I've now found a much better way of coping with large amounts of noise while still tracking gyro drift, so I will be 'dropping' the 'drop z' method in favour of the new approach.

First some background. The drift correction in DCM aims to cope with the fact that gyros aren't perfect. If we had perfect gyros and we ran DCM at a very high rate then we wouldn't need drift correction at all, and we could keep an accurate attitude estimate just by updating the DCM matrix using the gyro vector. Unfortunately gyros aren't perfect, so we need a reference vector to do some correction of errors that build up over time.

There are really two key types of errors to worry about. One is short term errors that result from imperfect application of the gyro vector to the DCM matrix (for example, from the fact that the gyros don't have infinite precision - they measure rotation in units of about 0.4 degrees/second). The second type of error is long term drift of the gyro zero point.

We cope with the first type of error quite easily by using the accelerometers and compass (or GPS) as a reference vector to 'push' the solution in the right direction.The amount of push is re-calculated every time we get a new reference vector, and all we really need to do is choose a reasonable scaling factor for this push so that the time constant is reasonable. A higher value will push the attitude to line up with the accelerometers and compass more quickly. This value is called kP in APM.

Coping with the second sort of gyro error - gyro drift - is much harder. This sort of error happens when the gyro starts reading something like 3 degrees/second rotation when in fact the aircraft is not rotating about that axis at all. That scale of drift overwhelms the ability of the short term 'push' term to cope with the error, and the result is a very bad attitude solution.

Newer gyros (like those in the MPU6000 used in the APM2) suffer from gyro drift much less than the older gyros in the APM1. The APM1 gyros can drift at a rate of around 2 degrees/second/minute, which can quickly build-up to be far too much drift for the short term error correction to cope with.

The original paper on DCM by Bill Premerlani provides the basis for coping with this gyro drift that we use in APM. The amount of gyro drift is estimated in a vector called omegaI, with the error at each update of the DCM matrix used to slowly push omegaI towards the right value. The omegaI is an integrator - adding up the errors happening with each step to produce the long term drift estimate. The omegaI value is then used to 'correct' the hardware gyro values, by subtracting off the drift estimate. The constant used to determine how fast this drift is learnt is called kI.

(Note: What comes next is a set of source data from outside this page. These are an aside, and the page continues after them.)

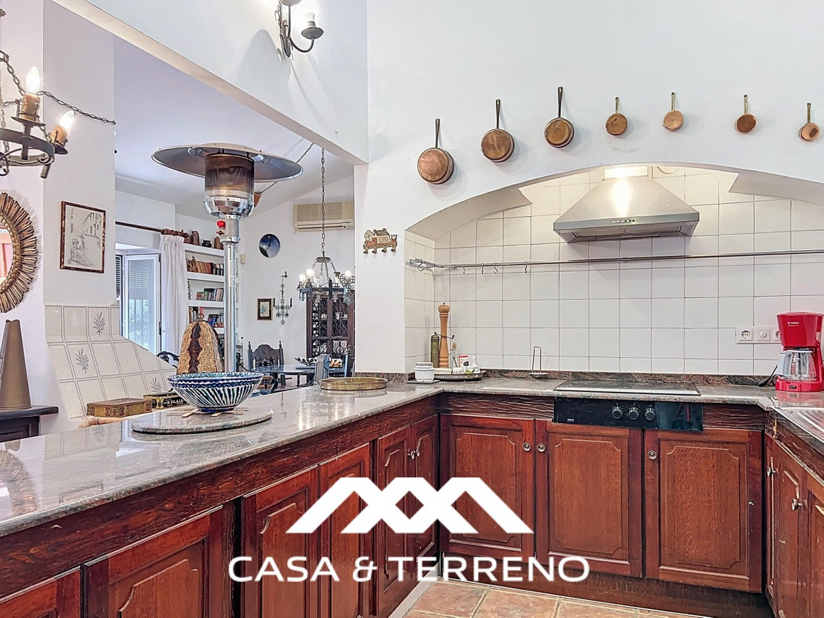 Située entre Frigiliana et Nerja, cette charmante propriété de style andalou allie une maison principale confortable à des extérieurs exceptionnels, sur un terrain spectaculaire de plus de 6 000 m². Entourée de pins centenaires et offrant une intimité totale, cette finca donne l'impression de posséder sa propre forêt privée : calme, verdure et caractère. La maison principale, de plain-pied, propose trois chambres spacieuses et trois salles de bains bien équipées. La suite parentale, particulièrement généreuse, offre un espace idéal pour se détendre. Les sols en terre cuite et les étagères intégrées confèrent chaleur et authenticité à l'ensemble de la maison. Le séjour-salle à manger, lumineux et ouvert, avec ses hauts plafonds, ses grandes fenêtres et sa cheminée accueillante, communique harmonieusement avec la cuisine. Celle-ci est équipée de placards en bois rustiques, d'appareils électroménagers modernes, d'un garde-manger et de charmants détails, comme une rangée de casseroles en cuivre. Une terrasse couverte prolonge l'espace de vie vers l'extérieur, parfaite pour dîner à l'ombre ou se prélasser en toute saison. On trouve également un espace barbecue intégré et un bâtiment indépendant attenant à la maison principale, actuellement utilisé comme débarras. Mais ce qui rend cette propriété vraiment exceptionnelle, c'est son terrain impressionnant. Les pins offrent une ombre naturelle et une atmosphère apaisante, tandis que de petits escaliers en pierre serpentent à travers les terrasses, créant une sensation de refuge en pleine nature. Elle comprend également un court de tennis réglementaire, un garage et une magnifique piscine avec vue sur la mer, nichée au cœur des arbres. Attenante à la piscine, la maison d'hôtes propose un espace de vie ouvert avec chambre, kitchenette et salle de bains. Située juste en contrebas de la maison principale, elle garantit une intimité totale et est idéale pour les visites ou même la location. Une propriété unique pour ceux qui apprécient l'espace, la tranquillité et la nature, sans renoncer à la proximité des plages de Nerja et au charme du village blanc de Frigiliana. Une combinaison rare de confort intérieur et de magie extérieure dans l'un des quartiers les plus prisés de l'Axarquía. Nous sommes ravis de pouvoir vous présenter prochainement cette propriété, en personne ou par visite virtuelle. Car ce monde est unique, à l'image de notre Axarquía. En Andalousie. Sur la Costa del Sol. Ici, sous le soleil…
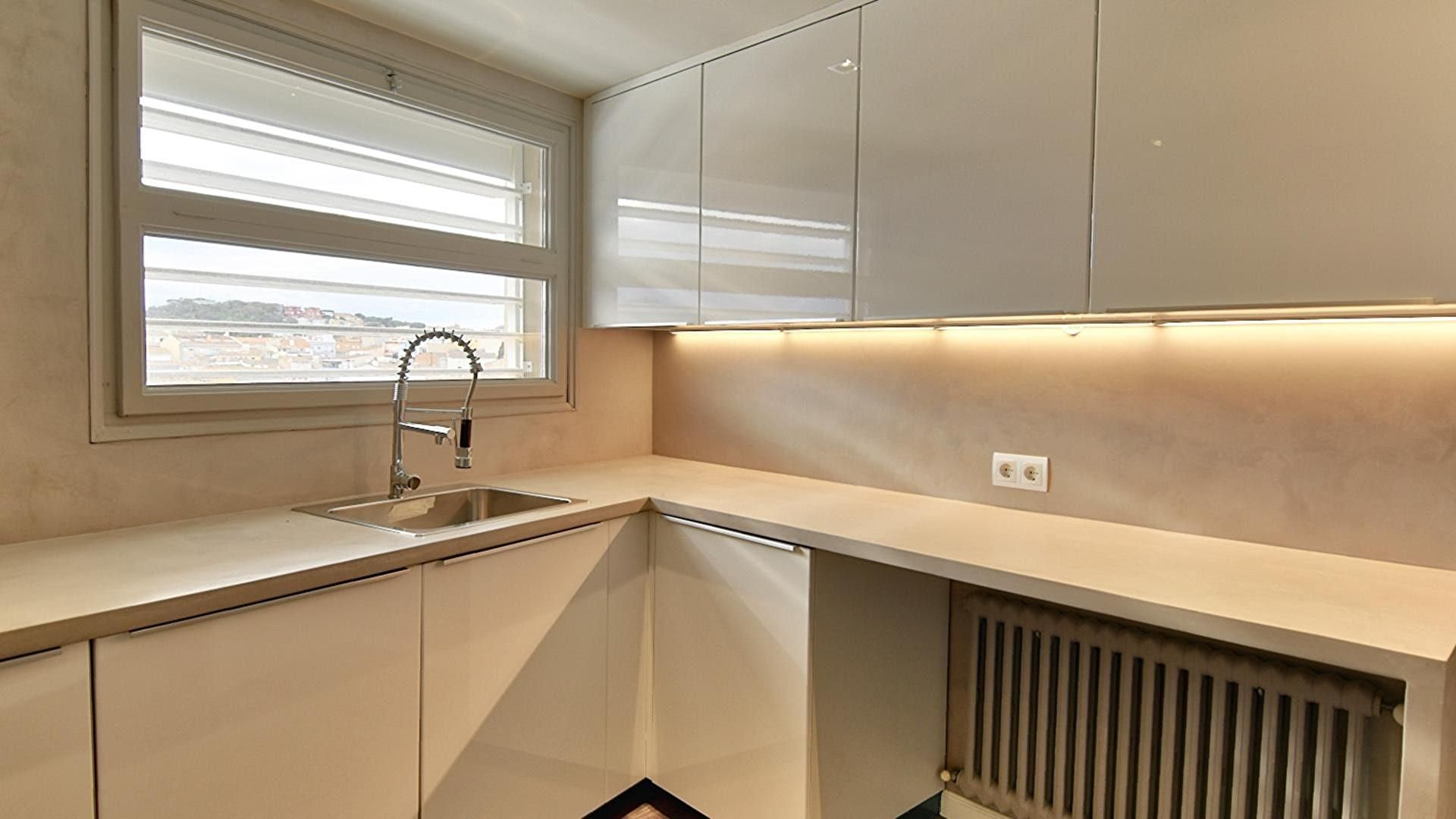 Terrasse, Wohnzimmer-Esszimmer, Küche-Office, 3 Schlafzimmer und 2 Bäder mit Dusche.
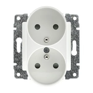 Nazwa: Gniazdo podwójne z uziemieniem i przesłoną torów prądowych, bez ramki
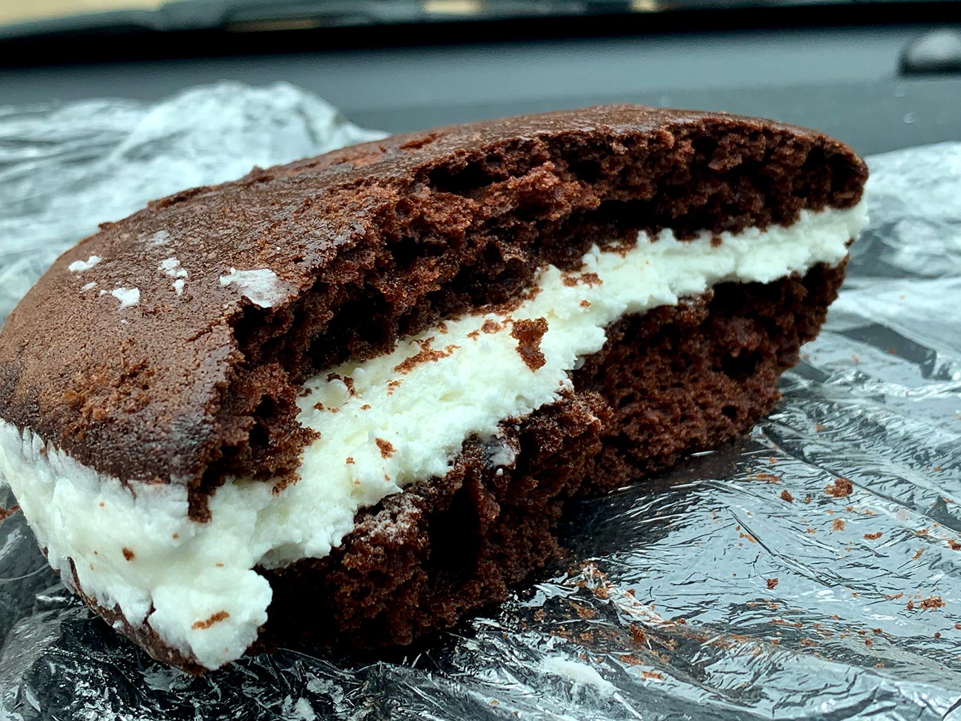 May 12, 2020 - Tuesday - I took the day to go out and spend with Dad and the rest of the family out in the country. My sister and I made the drive out to the Country Store for snacks. They only had one Chocolate Whoopie Pie left, but I got some pies and fresh sourdough bread. The whoopie pie didn't make it out of the parking lot.

Unfortunately it is very hard to get this integrator learning right. If it learns too slowly then the DCM code won't cope with the gyro drift that may happen in a real APM, and the result is a poor estimate of roll and pitch as the kP term struggles to cope. The aircraft starts to lean over badly. On the other hand, if it learns too fast, then it may mistake sensor noise for gyro drift and incorrectly 'learn' gyro drift that isn't there. That is just as bad, and results in leans as well, in the opposite direction.

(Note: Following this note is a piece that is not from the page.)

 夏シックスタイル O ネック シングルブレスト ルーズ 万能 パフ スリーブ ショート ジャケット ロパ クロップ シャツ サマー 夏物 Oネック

It is this second effect, where large amounts of noise can lead to omegaI build-up that I was particularly interested in. Some flight logs showed it was a very real effect in some aircraft. It doesn't happen in every flight, but when it does happen it can easily lead to a crash.

Here is a plot of omegaI being learnt in the SITL simulator when we have a noise level of '2' (thats the sort of noise level where you start to think the aircraft will fall to pieces with vibration).

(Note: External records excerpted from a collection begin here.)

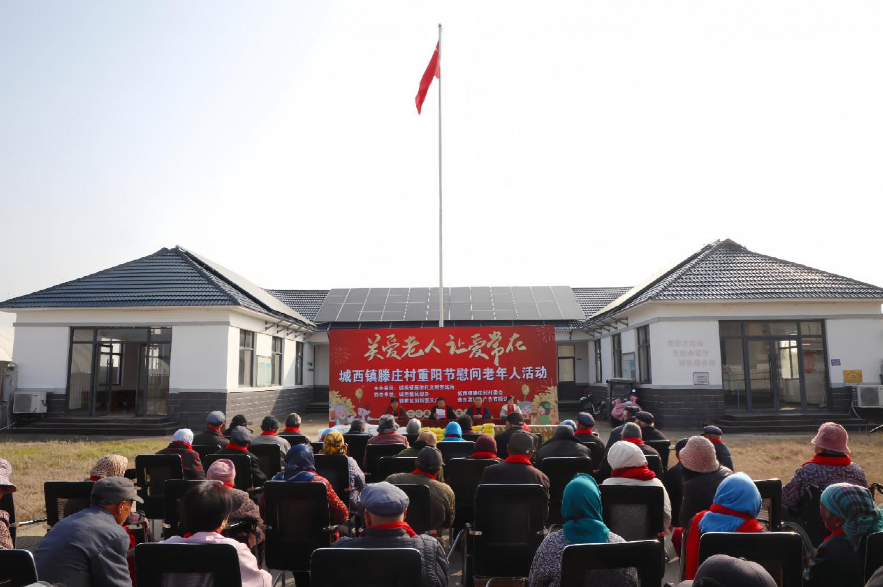 “关爱老人 让爱常在”,10月28日上午,赣榆区城西镇在滕庄村开展重阳节慰问活动,为辖区内的老人送去节日的祝福与温暖。
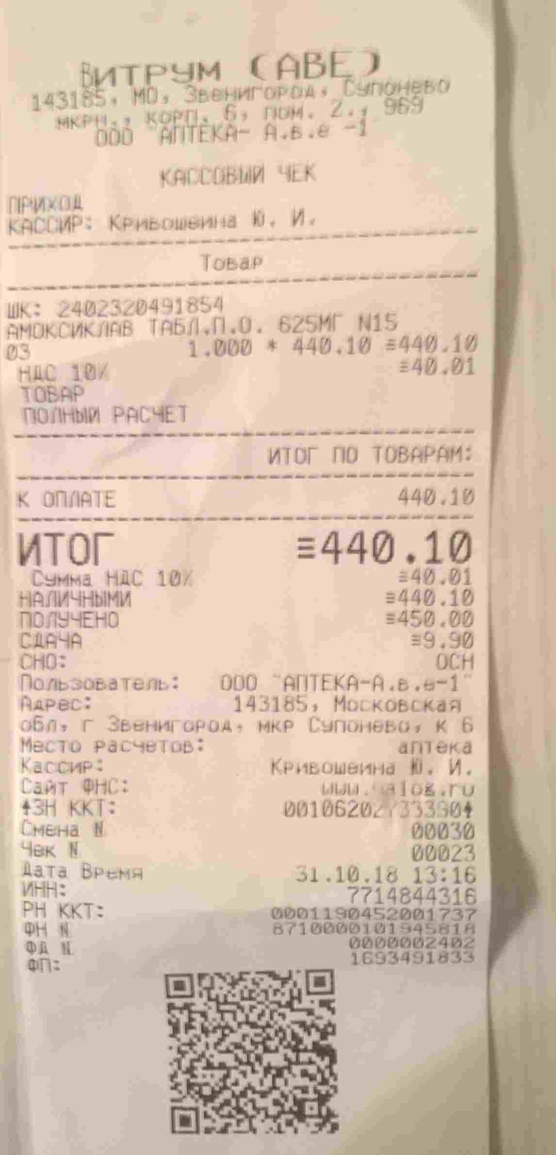 Расход антибиотик 440р
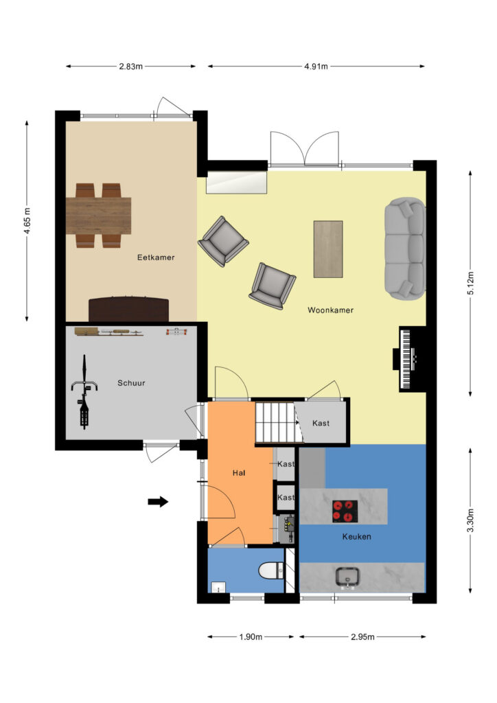 – Vanuit de hal is de inpandige berging bereikbaar;

The 'sawtooth' line is the simulated level of gyro drift which DCM is trying to learn. It is set to 1 degree/second/minute, with a period of 10 minutes. That is quite a high drift level, but is quite possible on an APM1. The 3 omegaI lines show what the DCM learning of the gyro drift did - they managed to track the simulator drift, but not very precisely. In fact, this is much better gyro drift tracking than what we achieved in earlier versions of APM!

The graph below shows the same test, but with a small tweak to the omegaI learning code:

That is much better! The three omegaI terms have tracked the simulated gyro drift much more accurately.

You may notice that the 2nd graph is quite granular, whereas the first graph is relatively smooth. That is because what is being done with the new approach is to save up omegaI changes over a period of 10 seconds, and then apply them all at once.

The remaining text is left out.